What is Myth? How We Approach It in This Course

  • Myth is not assumed to be literally true or fully verifiable; it often contains portions that are traditional beliefs as well as flexible meanings.
  • There are multiple kinds of myths beyond “myth” in a modern sense: legends, fairy tales, and folktales. We will differentiate these and discuss how they relate.
  • In ancient cultures, myths often functioned not only as entertainment but as vehicles for values and social norms. They can be "value myths" that illustrate acceptable behavior or cautionary behavior.
  • The distance in time and lack of written records (or decipherable texts) can make interpretation difficult, especially for Mesopotamian or older myths without a strong surviving literature corpus.
  • For images and scenes from antiquity (e.g., papyrus with scales in the afterlife, or Mesopotamian/Mesopotamian goddesses with headdresses), we rely on available writing to interpret, but with the understanding that some interpretations are speculative when text is missing.
  • The modern reception of myths (in film and theatre) raises interpretive questions: Are filmmakers extracting core values, or merely using myth for entertainment?
  • In reading myths, we push beyond questions of authorship or literal truth; we ask what the myths were doing for their societies and what they might reveal about the values and needs of those cultures.
  • The Greeks often treated myth as a blend of legend and storytelling rather than a strict system of belief; the same story could be seen as entertainment, historical memory, or moral exemplar depending on context.
  • The course will emphasize not just what happened in myths, but why myths endured, how they were preserved, and how later artists reinterpret them for new audiences.

Ancient Scriptural and Cultural Contexts

  • Egypt: The weighing of the heart scene (Anubis weighing the heart against a feather) determines the afterlife outcome; a heavy heart leads to being eaten by a crocodile god; a lighter heart allows entry to the afterlife.
  • The speaking figure (the scribe of the gods) appears in the same scene; other gods and depictions accompany the underworld journey.
  • Mesopotamia: A goddess with a horned headdress and wings appears in a complex scene; the goddess is not fully human and holds a rod in both hands; the scene sits in a mythic context without accompanying writing, complicating interpretation.
  • The lack of a robust textual corpus for some Mesopotamian/myth figures means we work with iconography and comparative frameworks rather than full narratives.
  • Key interpretive hurdle: for early myth, especially when writing is sparse or absent, it’s often speculative to determine what the myth meant to people at the time.
  • As we move forward in time (Egypt -> Greece -> Rome), we gain more textual material to analyze myths more confidently, though questions about interpretation and belief persist.
  • In the ancient world, myths were not required to be 100% true or false; audiences could accept multiple layers of meaning and truth-value, which has implications for how we study myth today.

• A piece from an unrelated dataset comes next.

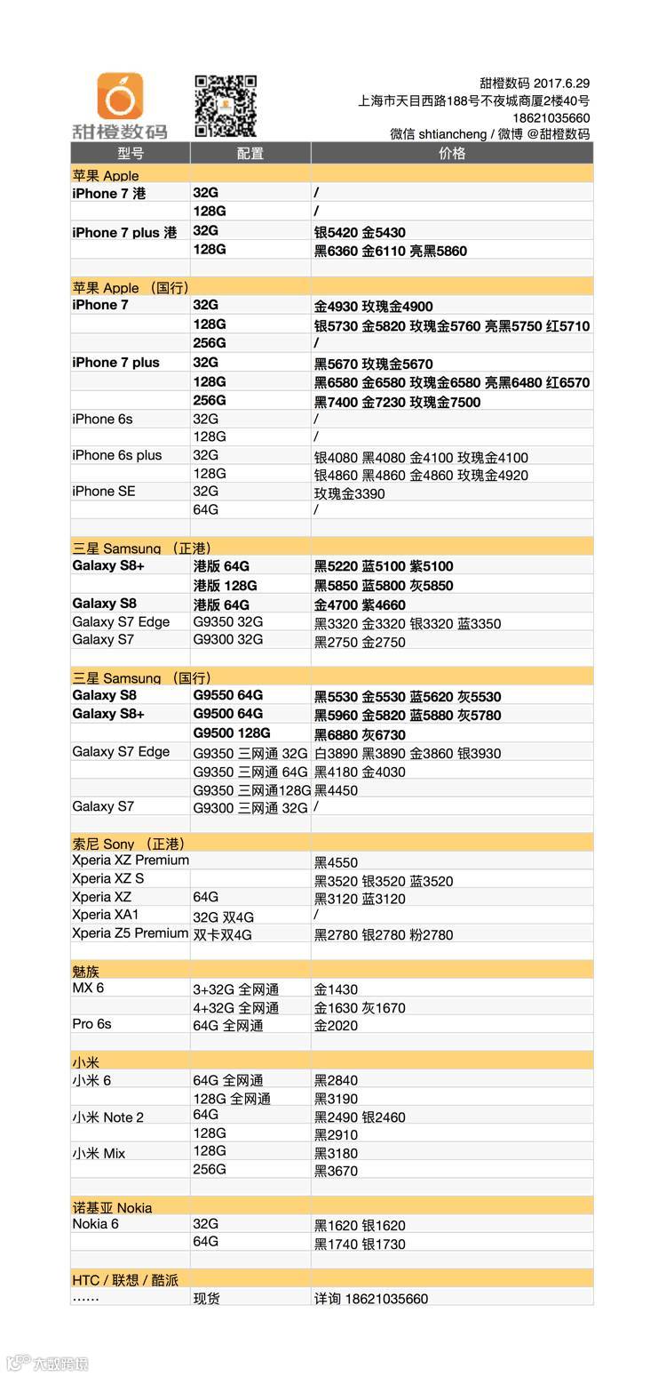 iPhone 7 及 plus 港版机型小幅反弹,而国行版稳定多日后也出现了明显的波动;三星 Galaxy S8/S8+ 价格走低,幅度在 50-100 元,Galaxy S7 Edge 受影响价格也有所降低;小米 6 和 Note 2 再走低 20 元。
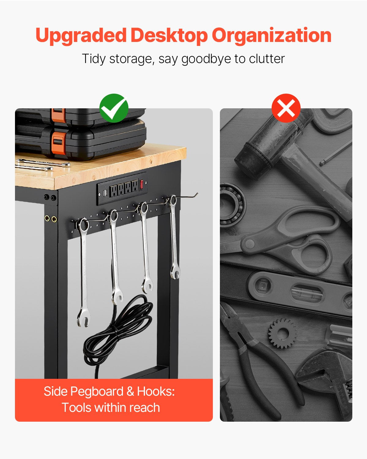- Organize in Style: Side panels and hooks of the work bench table let you hang and organize tools, keeping your space tidy while boosting efficiency. Customize the side panel to fit your storage needs—great for any project, big or small!

Major Theoretical Frameworks for Myth

  • Early/ancient critical view (David Maris in the 3rd century BCE): Zeus and the gods may be legends of kings and queens who later became deified myths; myth as a fossil of old legends rather than original divine truth.
  • Renaissance to Enlightenment: myths become allegorical stories that convey moral lessons (e.g., fables like the Boy Who Cried Wolf); myths can be treated as exemplary tales with educational value.
  • 19th–20th century psychological and anthropological approaches:
    • Freud’s Oedipus complex: myths express subconscious dynamics; Oedipus embodies hidden familial tensions; myths can stand in for subconscious processes rather than literal events.
  • Anthropological/structural approaches:
    • Nature-based explanations of ritual practice and myth (e.g., Prometheus and human sacrifice rituals) to explain why certain practices exist.
    • Structuralism and binary oppositions: myths reinforce social structures and cultural binaries (good vs. bad, hero vs. villain, etc.). These approaches help explain why hero/heroine myths are appealing across cultures and time.
  • Charter myths and hero myths (Joseph Campbell and related scholars):
    • Campbell’s monomyth (the Hero’s Journey): a cross-cultural pattern in which heroes are often born with mixed divine/mortal parentage, leave their familiar world, undergo ordeals, gain new knowledge, and return to benefit their society; sometimes they are deified or memorialized.
    • Campbell’s elements (core concepts):
    • Birth and mixed parentage (god/goddess + mortal)
    • Childhood trauma or isolation from the familiar
    • Call to adventure and crossing into the unknown
    • Allies and mentors (e.g., Obi-Wan, Yoda; Achilles’ Patroclus; Gilgamesh’s companion Inkyu)
    • Ordeals/temptations and failures (e.g., losing allies or battles)
    • Return with knowledge or boon; reintegration into society; societal improvement or transformation
    • Possible deification or memorialization of the hero
    • Lucas’s Star Wars: a modern popular instance of Campbell’s narrative core, illustrating how mythic structure informs contemporary cinema.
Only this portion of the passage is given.